Machine Learning Assisted Prediction of Prognostic Biomarkers Associated With COVID-19, Using Clinical and Proteomics Data

Front Genet. 2021 May 20:12:636441. doi: 10.3389/fgene.2021.636441. eCollection 2021.

Abstract

With the availability of COVID-19-related clinical data, healthcare researchers can now explore the potential of computational technologies such as artificial intelligence (AI) and machine learning (ML) to discover biomarkers for accurate detection, early diagnosis, and prognosis for the management of COVID-19. However, the identification of biomarkers associated with survival and deaths remains a major challenge for early prognosis. In the present study, we have evaluated and developed AI-based prediction algorithms for predicting a COVID-19 patient's survival or death based on a publicly available dataset consisting of clinical parameters and protein profile data of hospital-admitted COVID-19 patients. The best classification model based on clinical parameters achieved a maximum accuracy of 89.47% for predicting survival or death of COVID-19 patients, with a sensitivity and specificity of 85.71 and 92.45%, respectively.
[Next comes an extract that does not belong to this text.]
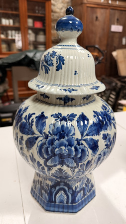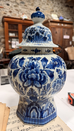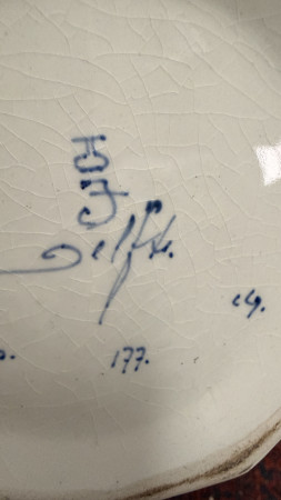 Gemaakt bij de porceleyne fles uit Delft ( Flesje JT) in 1962 ( ik lees CG ) en geschilderd door van Wolferen die er schilderde van 1961 tot 2003. Signeerde ook met WVO. 177 is een intern nummer. Hieronder een gelijkende vaas uit 1953.

The classification model based on normalized protein expression values of 45 proteins achieved a maximum accuracy of 89.01% for predicting the survival or death, with a sensitivity and specificity of 92.68 and 86%, respectively. Interestingly, we identified 9 clinical and 45 protein-based putative biomarkers associated with the survival/death of COVID-19 patients. Based on our findings, few clinical features and proteins correlate significantly with the literature and reaffirm their role in the COVID-19 disease progression at the molecular level. The machine learning-based models developed in the present study have the potential to predict the survival chances of COVID-19 positive patients in the early stages of the disease or at the time of hospitalization. However, this has to be verified on a larger cohort of patients before it can be put to actual clinical practice. We have also developed a webserver CovidPrognosis, where clinical information can be uploaded to predict the survival chances of a COVID-19 patient. The webserver is available at http://14.139.62.220/covidprognosis/.

Keywords: COVID-19; biomarkers discovery; feature selection; machine learning; proteomics and bioinformatics.